You’re probably saying, “but how could you hate leaves? Crisp Autumn leaves?” and we’re going to tell you, right now, to shove it because leaves suck. If you don’t believe us, we decided to break it down for you.
Much like “Candy Apples,” candy corn has to include the word “candy” in it’s name to let us know it’s something we should enjoy. That is not a coincidence. Candy corn is, without a doubt, the lowest form of candy. They look like dirty earplugs and their texture’s the same as ear wax. Never has a child been allowed to select their own treat, reached into a bowl full of twix and Twizzlers and Reeses cups and picked out a box of candy corn. It’s never happened. In fact, candy corn has never actually been consumed during the months of October or November. The only time anyone eats candy corn is when they’re desperate and completely out of every piece of halloween candy, and even then, they’re not happy about it.

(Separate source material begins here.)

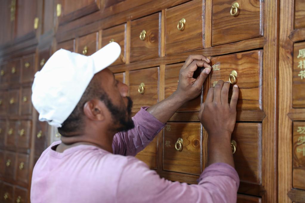2018年11月10日,在巴布亚新几内亚莫尔兹比港中国(广东)-巴新疟疾防治中心,一位工作人员为防治中心的中药房药箱安装中文说明。新华社记者白雪飞摄

Look, we’ll admit leaves are nice to look at– but that lasts for like one or two days tops. There is something nice about the orange and yellows welcoming you into fall, but, after that, they’re just garbage. Sure, it’s a natural process for a tree to shed its leaves every year, but it’s also a natural process for dogs to shed some of their fur. When that happens, you clean up after your dog, you don’t spend all of October and November with your shoes covered in dog fur. But for the next few months we have to spend every moment nearly slipping on mother nature’s gray and brown boobie traps. Leaves are a public safety hazard and they can suck it.
Pumpkin Spice Latte
It’s not enough that every basic b*tch this side of Canada has to take an Instagram with a dumb cup of coffee, I also have to hear about it. It’s an assault on the eyes and ears, “PSL OMG PSL, Pumpkin eeeeeuuuuhhhh.”

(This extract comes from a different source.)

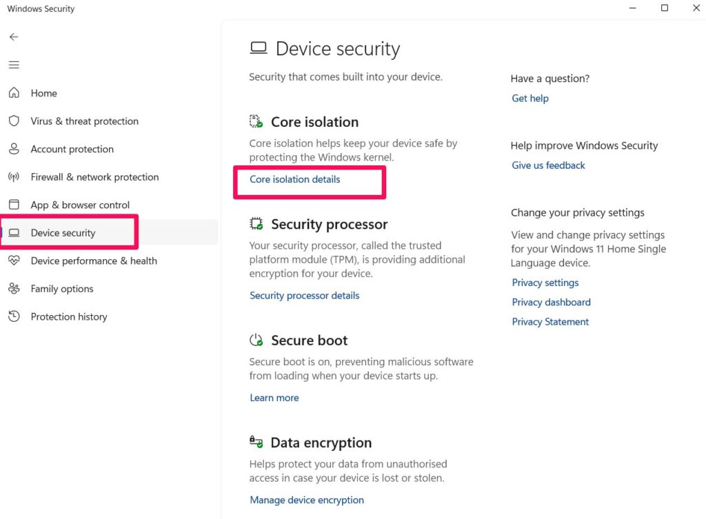 Otwórz Zabezpieczenia systemu Windows, następnie Zabezpieczenia urządzenia, a następnie Izolacja rdzenia. Wyłącz Integralność pamięci. Uruchom ponownie komputer.

First off, they taste awful. They taste like a pumpkin farted into a bowl of caramel. You’re drinking syrup and milk, and acting like you’re a sommelier of fine wine. It’s gross.

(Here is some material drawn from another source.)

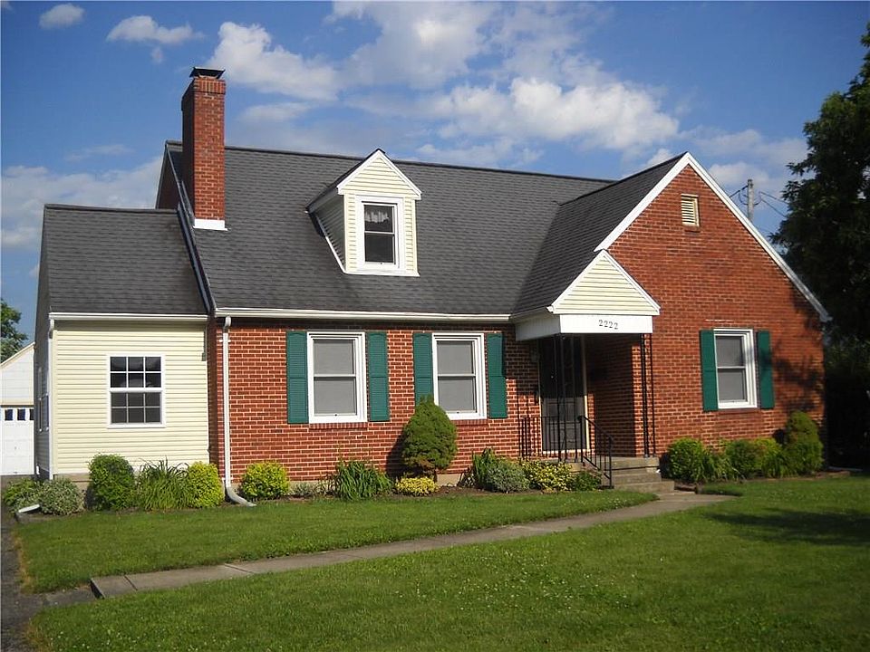 COMFORTABLE Cape Cod styled brick that has been FRESHENED UP & ready for a new owner! Classic curb appeal matches the polished interior of this easy living space. Enter an OVERSIZED living room paved w/ natural hardwood flooring & featuring a woodburnng fireplace flanked by built-in shelving. Access to the 8x15 enclosed porch for added living space. LARGE dining room makes a GREAT entertaining place w/BIG picture window viewing backyard. Built in cabinetry. 2 secondary bedrooms & full bath finish out the main floor. The ENORMOUS half story offers a spacious bedroom complete w/ a 8x11 walk in closet PLUS other storage. The full unfinished basement is a BLANK CANVAS for more living space to be created! Outdoor living space offers an expansive deck in a fenced yard. BIG 2 car detached garage. IMPROVEMENTS: vinyl replacement windows '13 & '14. Interior freshly painted, basement floors & walls along w/ garage-May'17. Water heater 5/'15. Be the 1st to get in this convenient location!

Second, they’re horrible for you. Isn’t it ironic that the people obsessed with these dumb drinks also happen to be the ones juicing and doing yoga and instagraming about it? You’d have to run 3.5 miles to burn that PSL off, which I’m guessing you’re not doing and are rather sitting in bed watching Netflix, Tweeting about how pizza is your boyfriend. There’s a reason for that.
Oh I can’t wait for ladies to bust these horrid things out. You know what these look like to me? An old, over-used sponge. Like the one you used for the four straight years in college? Sure these things are warm, but they’re soaking up every drop of sweat that’s coming out your foot.
It’s so cute they’re called Uggs, because they’re ugly, get it? Why is that validation to make your foot look like a cartoon’s? That’s like smearing crap on your face and saying “Well, it’s called Uggo Makeup, so it’s cool.” No it’s not. Not at all.
I sure love anything that looks like wrinkled penis with warts on it. Not that’s what mine looks like, what would give you that idea?
Anyway, I have enough things reminding me of my wrinkled penis. I mean of wrinkled penises. How did we get on this subject anyway, I hate Fall. Death to Fall!!